> **Your assignment**: Word for word, give the data again without its pictures.
** Opening Data section block **
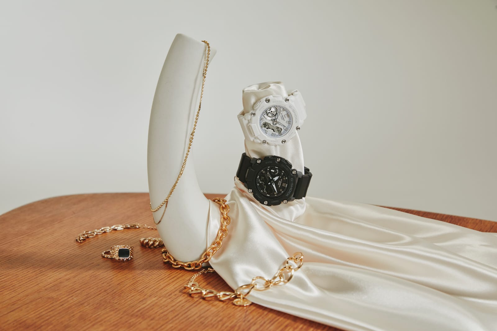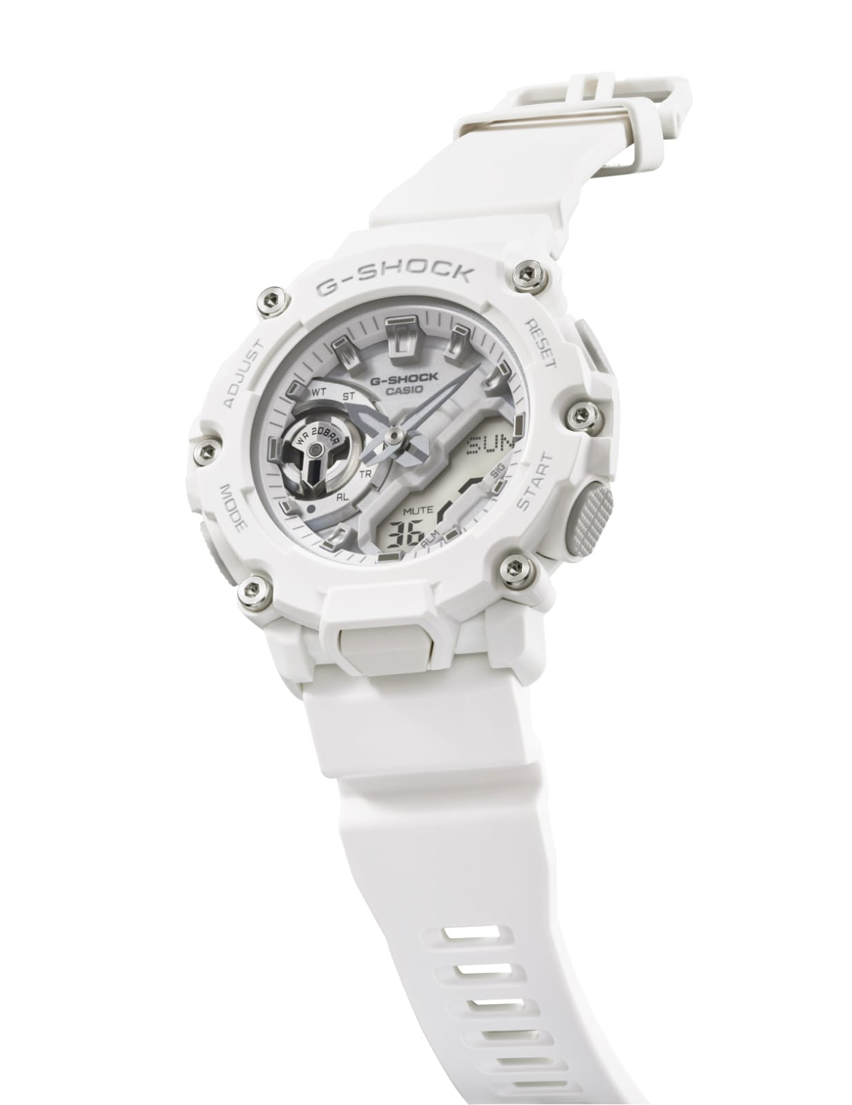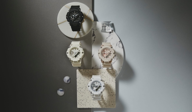 El reloj mide 48,3 x 45,7 x 12,1 milímetros y pesa 46 gramos. Los modelos GMA-S2200 cuentan con un revestimiento de deposición de vapor en los marcadores y en la subesfera para conseguir un aspecto metálico. Los modelos de lanzamiento son el GMA-S2200-1A negro, el GMA-S2200-7A crema, el GMA-S2200M-4A rosa y el GMA-S2200M-7A blanco, siempre siguiendo las útlimas tendencias de color y diseño. La moda urbana al aire libre se combina con esquemas de colores monocromáticos sutiles y un diseño sobresaliente. Los componentes del reloj en diferentes tonos y texturas se unen en un diseño de tono sobre tono con una profundidad y dimensión inesperadas.
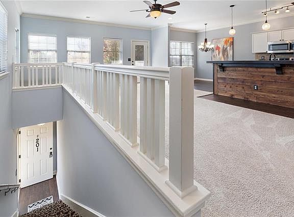 Turn-Key Lifestyle Living boasting Clubhouse, Fitness CTR & Pool. Covered Front Porch leads to decorative Wood Grained Vinyl in Foyer & Scrolled Carpeted Steps up to your Liv RM. Liv RM showcases a Rustic Reclaimed Barn WD Wall w/Built-In Shelves, Honed WD BKFST Bar w/Pendant & Accent LTG. Just outside you'll enjoy the sunset on your Covered Balcony. BKFST Area adjoining Kit features Wood Grained Vinyl. Kitchen enhanced by SS Appl-STAY & Quartz CTR. MST STE-French DRS open to Den/Non-Conforming BR. (TV Stays!) &
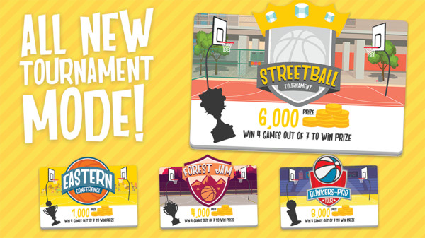 玩家要控制着球员,疯狂地扭起胳膊,把球抢到手并成功扣篮。新作的画风从像素风变成了卡通风,并且有了大的新角色、新篮球和新场地。
** Closing Data section block **
> **Result**:
 El reloj mide 48,3 x 45,7 x 12,1 milímetros y pesa 46 gramos. Los modelos GMA-S2200 cuentan con un revestimiento de deposición de vapor en los marcadores y en la subesfera para conseguir un aspecto metálico. Los modelos de lanzamiento son el GMA-S2200-1A negro, el GMA-S2200-7A crema, el GMA-S2200M-4A rosa y el GMA-S2200M-7A blanco, siempre siguiendo las útlimas tendencias de color y diseño. La moda urbana al aire libre se combina con esquemas de colores monocromáticos sutiles y un diseño sobresaliente. Los componentes del reloj en diferentes tonos y texturas se unen en un diseño de tono sobre tono con una profundidad y dimensión inesperadas.
 Turn-Key Lifestyle Living boasting Clubhouse, Fitness CTR & Pool. Covered Front Porch leads to decorative Wood Grained Vinyl in Foyer & Scrolled Carpeted Steps up to your Liv RM. Liv RM showcases a Rustic Reclaimed Barn WD Wall w/Built-In Shelves, Honed WD BKFST Bar w/Pendant & Accent LTG. Just outside you'll enjoy the sunset on your Covered Balcony. BKFST Area adjoining Kit features Wood Grained Vinyl. Kitchen enhanced by SS Appl-STAY & Quartz CTR. MST STE-French DRS open to Den/Non-Conforming BR. (TV Stays!) &
 玩家要控制着球员,疯狂地扭起胳膊,把球抢到手并成功扣篮。新作的画风从像素风变成了卡通风,并且有了大的新角色、新篮球和新场地。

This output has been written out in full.